> _Goal of the exercise_: Every line below should be copied exactly; drop the pictures.

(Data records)
------------------------------------------------

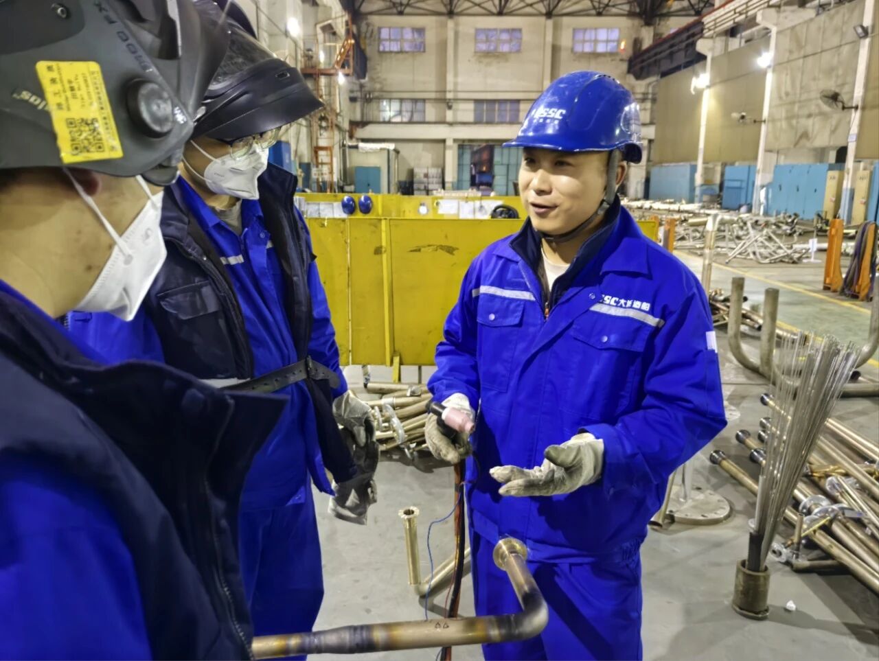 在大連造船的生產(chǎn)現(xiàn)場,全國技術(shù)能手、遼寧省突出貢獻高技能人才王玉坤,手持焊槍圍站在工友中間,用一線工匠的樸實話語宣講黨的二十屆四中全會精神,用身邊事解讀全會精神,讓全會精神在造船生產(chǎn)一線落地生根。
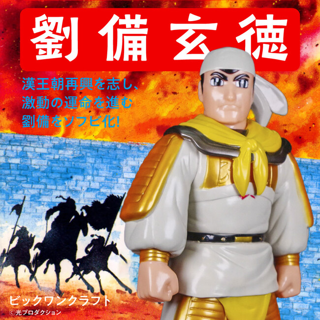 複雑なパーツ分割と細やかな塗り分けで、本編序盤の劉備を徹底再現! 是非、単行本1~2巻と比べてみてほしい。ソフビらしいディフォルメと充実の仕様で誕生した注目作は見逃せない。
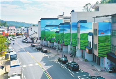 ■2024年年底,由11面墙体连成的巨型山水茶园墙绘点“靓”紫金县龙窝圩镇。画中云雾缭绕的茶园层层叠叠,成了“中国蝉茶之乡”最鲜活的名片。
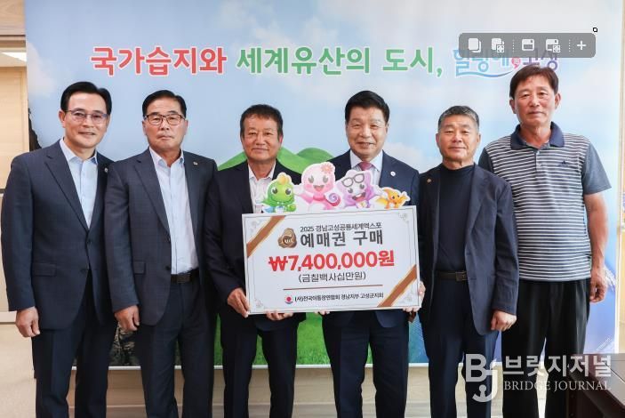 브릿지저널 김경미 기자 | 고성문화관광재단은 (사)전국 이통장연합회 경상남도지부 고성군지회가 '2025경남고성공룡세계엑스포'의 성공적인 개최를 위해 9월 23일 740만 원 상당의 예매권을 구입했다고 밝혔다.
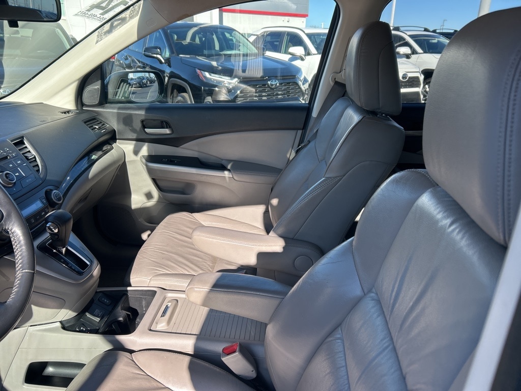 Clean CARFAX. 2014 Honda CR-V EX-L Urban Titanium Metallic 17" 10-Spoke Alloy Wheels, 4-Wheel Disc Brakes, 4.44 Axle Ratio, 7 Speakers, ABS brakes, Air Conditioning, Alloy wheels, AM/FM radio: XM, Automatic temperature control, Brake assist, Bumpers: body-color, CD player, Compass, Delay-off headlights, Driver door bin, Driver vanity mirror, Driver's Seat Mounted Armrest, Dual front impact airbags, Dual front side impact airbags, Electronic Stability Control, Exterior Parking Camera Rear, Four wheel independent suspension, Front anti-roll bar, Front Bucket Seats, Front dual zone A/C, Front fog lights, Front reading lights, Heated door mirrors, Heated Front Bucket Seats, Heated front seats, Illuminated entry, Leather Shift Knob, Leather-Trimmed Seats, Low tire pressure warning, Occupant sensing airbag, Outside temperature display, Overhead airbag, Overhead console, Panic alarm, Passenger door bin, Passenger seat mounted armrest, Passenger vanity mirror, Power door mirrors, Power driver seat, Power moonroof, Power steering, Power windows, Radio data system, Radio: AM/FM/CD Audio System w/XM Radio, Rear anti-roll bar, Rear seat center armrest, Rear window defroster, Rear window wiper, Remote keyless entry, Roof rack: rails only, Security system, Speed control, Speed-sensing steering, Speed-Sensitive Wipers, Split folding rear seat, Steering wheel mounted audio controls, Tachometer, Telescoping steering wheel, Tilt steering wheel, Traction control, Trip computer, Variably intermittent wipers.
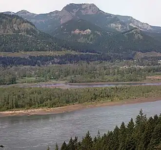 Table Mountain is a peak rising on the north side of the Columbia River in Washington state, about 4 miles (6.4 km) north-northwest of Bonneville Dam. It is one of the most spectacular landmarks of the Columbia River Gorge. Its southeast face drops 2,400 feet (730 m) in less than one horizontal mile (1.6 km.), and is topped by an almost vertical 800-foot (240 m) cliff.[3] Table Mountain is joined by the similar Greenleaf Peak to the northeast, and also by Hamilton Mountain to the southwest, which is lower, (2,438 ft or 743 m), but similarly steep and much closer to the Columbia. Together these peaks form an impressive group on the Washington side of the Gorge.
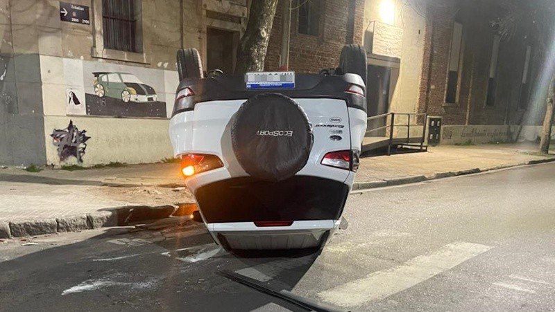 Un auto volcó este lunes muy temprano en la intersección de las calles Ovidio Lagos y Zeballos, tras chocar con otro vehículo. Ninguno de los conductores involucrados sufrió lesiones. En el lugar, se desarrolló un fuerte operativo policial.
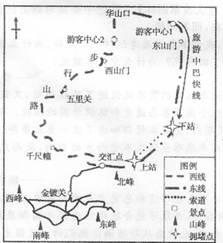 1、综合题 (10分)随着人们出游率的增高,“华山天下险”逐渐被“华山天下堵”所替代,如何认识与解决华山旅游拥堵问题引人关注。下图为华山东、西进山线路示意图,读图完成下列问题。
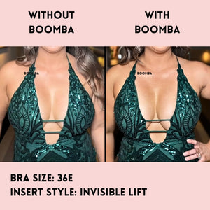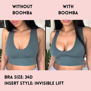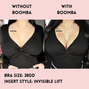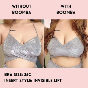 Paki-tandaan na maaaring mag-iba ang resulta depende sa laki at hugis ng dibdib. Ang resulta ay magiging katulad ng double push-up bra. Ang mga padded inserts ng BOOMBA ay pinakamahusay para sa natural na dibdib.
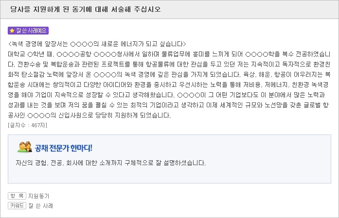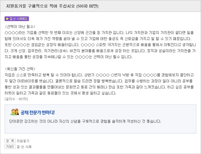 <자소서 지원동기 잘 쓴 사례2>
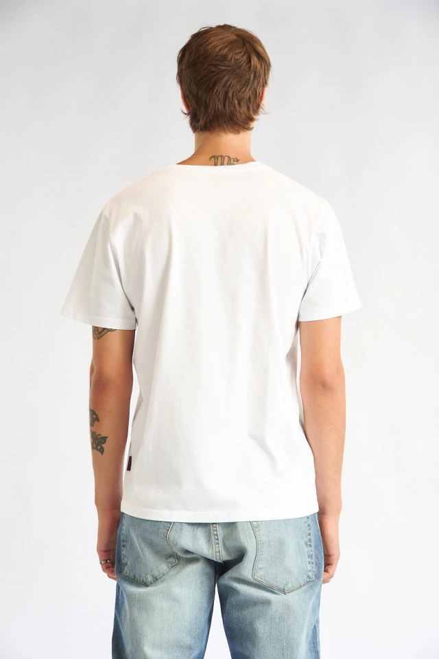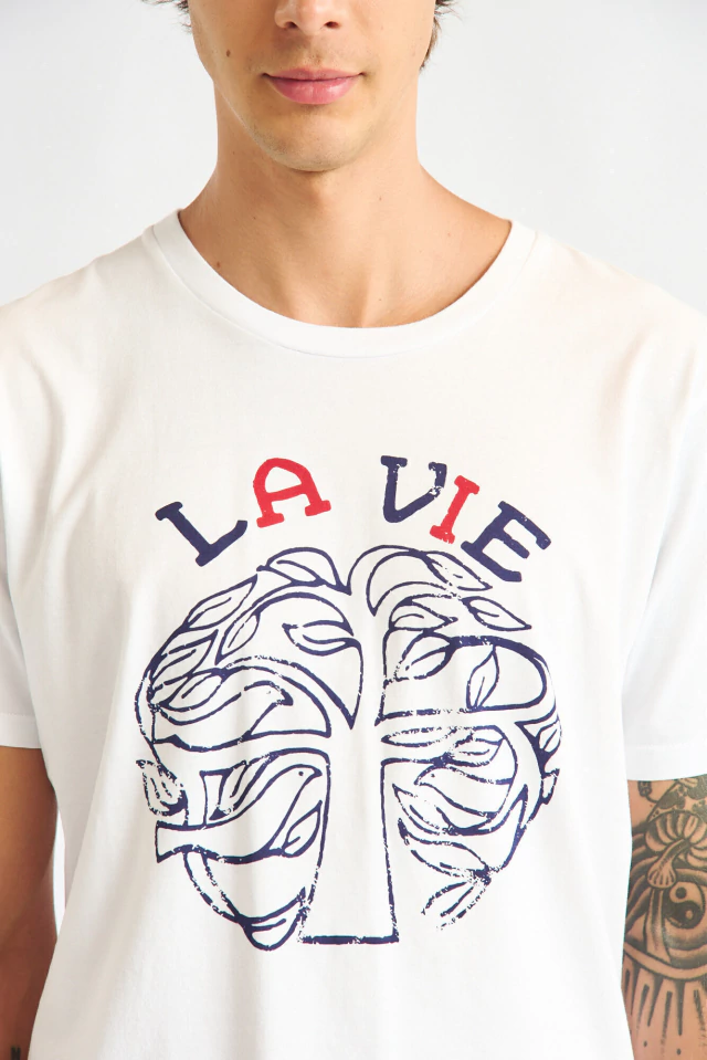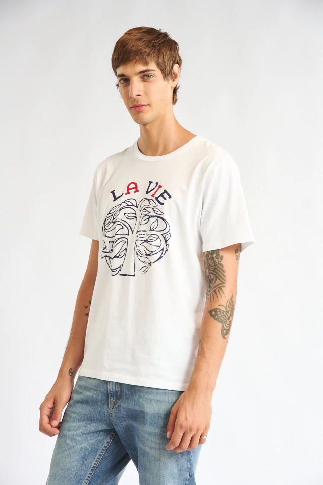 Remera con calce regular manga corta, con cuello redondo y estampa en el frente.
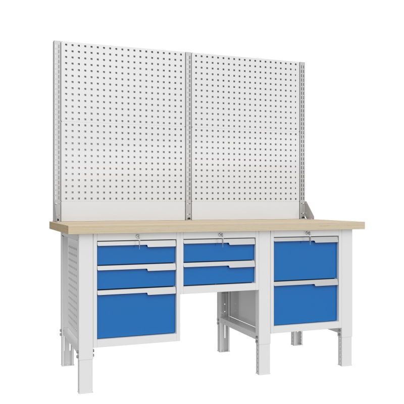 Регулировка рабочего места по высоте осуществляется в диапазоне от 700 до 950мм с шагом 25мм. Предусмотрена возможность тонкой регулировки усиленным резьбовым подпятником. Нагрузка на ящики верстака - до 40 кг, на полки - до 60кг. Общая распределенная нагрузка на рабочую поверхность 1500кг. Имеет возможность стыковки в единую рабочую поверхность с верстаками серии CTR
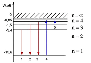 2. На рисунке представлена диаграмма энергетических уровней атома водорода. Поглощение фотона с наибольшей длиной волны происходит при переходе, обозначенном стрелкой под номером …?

------------------------------------------------

> _Expected output_:
 在大連造船的生產(chǎn)現(xiàn)場,全國技術(shù)能手、遼寧省突出貢獻高技能人才王玉坤,手持焊槍圍站在工友中間,用一線工匠的樸實話語宣講黨的二十屆四中全會精神,用身邊事解讀全會精神,讓全會精神在造船生產(chǎn)一線落地生根。
 複雑なパーツ分割と細やかな塗り分けで、本編序盤の劉備を徹底再現! 是非、単行本1~2巻と比べてみてほしい。ソフビらしいディフォルメと充実の仕様で誕生した注目作は見逃せない。
 ■2024年年底,由11面墙体连成的巨型山水茶园墙绘点“靓”紫金县龙窝圩镇。画中云雾缭绕的茶园层层叠叠,成了“中国蝉茶之乡”最鲜活的名片。
 브릿지저널 김경미 기자 | 고성문화관광재단은 (사)전국 이통장연합회 경상남도지부 고성군지회가 '2025경남고성공룡세계엑스포'의 성공적인 개최를 위해 9월 23일 740만 원 상당의 예매권을 구입했다고 밝혔다.
 Clean CARFAX. 2014 Honda CR-V EX-L Urban Titanium Metallic 17" 10-Spoke Alloy Wheels, 4-Wheel Disc Brakes, 4.44 Axle Ratio, 7 Speakers, ABS brakes, Air Conditioning, Alloy wheels, AM/FM radio: XM, Automatic temperature control, Brake assist, Bumpers: body-color, CD player, Compass, Delay-off headlights, Driver door bin, Driver vanity mirror, Driver's Seat Mounted Armrest, Dual front impact airbags, Dual front side impact airbags, Electronic Stability Control, Exterior Parking Camera Rear, Four wheel independent suspension, Front anti-roll bar, Front Bucket Seats, Front dual zone A/C, Front fog lights, Front reading lights, Heated door mirrors, Heated Front Bucket Seats, Heated front seats, Illuminated entry, Leather Shift Knob, Leather-Trimmed Seats, Low tire pressure warning, Occupant sensing airbag, Outside temperature display, Overhead airbag, Overhead console, Panic alarm, Passenger door bin, Passenger seat mounted armrest, Passenger vanity mirror, Power door mirrors, Power driver seat, Power moonroof, Power steering, Power windows, Radio data system, Radio: AM/FM/CD Audio System w/XM Radio, Rear anti-roll bar, Rear seat center armrest, Rear window defroster, Rear window wiper, Remote keyless entry, Roof rack: rails only, Security system, Speed control, Speed-sensing steering, Speed-Sensitive Wipers, Split folding rear seat, Steering wheel mounted audio controls, Tachometer, Telescoping steering wheel, Tilt steering wheel, Traction control, Trip computer, Variably intermittent wipers.
 Table Mountain is a peak rising on the north side of the Columbia River in Washington state, about 4 miles (6.4 km) north-northwest of Bonneville Dam. It is one of the most spectacular landmarks of the Columbia River Gorge. Its southeast face drops 2,400 feet (730 m) in less than one horizontal mile (1.6 km.), and is topped by an almost vertical 800-foot (240 m) cliff.[3] Table Mountain is joined by the similar Greenleaf Peak to the northeast, and also by Hamilton Mountain to the southwest, which is lower, (2,438 ft or 743 m), but similarly steep and much closer to the Columbia. Together these peaks form an impressive group on the Washington side of the Gorge.
 Un auto volcó este lunes muy temprano en la intersección de las calles Ovidio Lagos y Zeballos, tras chocar con otro vehículo. Ninguno de los conductores involucrados sufrió lesiones. En el lugar, se desarrolló un fuerte operativo policial.
 1、综合题 (10分)随着人们出游率的增高,“华山天下险”逐渐被“华山天下堵”所替代,如何认识与解决华山旅游拥堵问题引人关注。下图为华山东、西进山线路示意图,读图完成下列问题。
 Paki-tandaan na maaaring mag-iba ang resulta depende sa laki at hugis ng dibdib. Ang resulta ay magiging katulad ng double push-up bra. Ang mga padded inserts ng BOOMBA ay pinakamahusay para sa natural na dibdib.
 <자소서 지원동기 잘 쓴 사례2>
 Remera con calce regular manga corta, con cuello redondo y estampa en el frente.
 Регулировка рабочего места по высоте осуществляется в диапазоне от 700 до 950мм с шагом 25мм. Предусмотрена возможность тонкой регулировки усиленным резьбовым подпятником. Нагрузка на ящики верстака - до 40 кг, на полки - до 60кг. Общая распределенная нагрузка на рабочую поверхность 1500кг. Имеет возможность стыковки в единую рабочую поверхность с верстаками серии CTR
 2. На рисунке представлена диаграмма энергетических уровней атома водорода. Поглощение фотона с наибольшей длиной волны происходит при переходе, обозначенном стрелкой под номером …?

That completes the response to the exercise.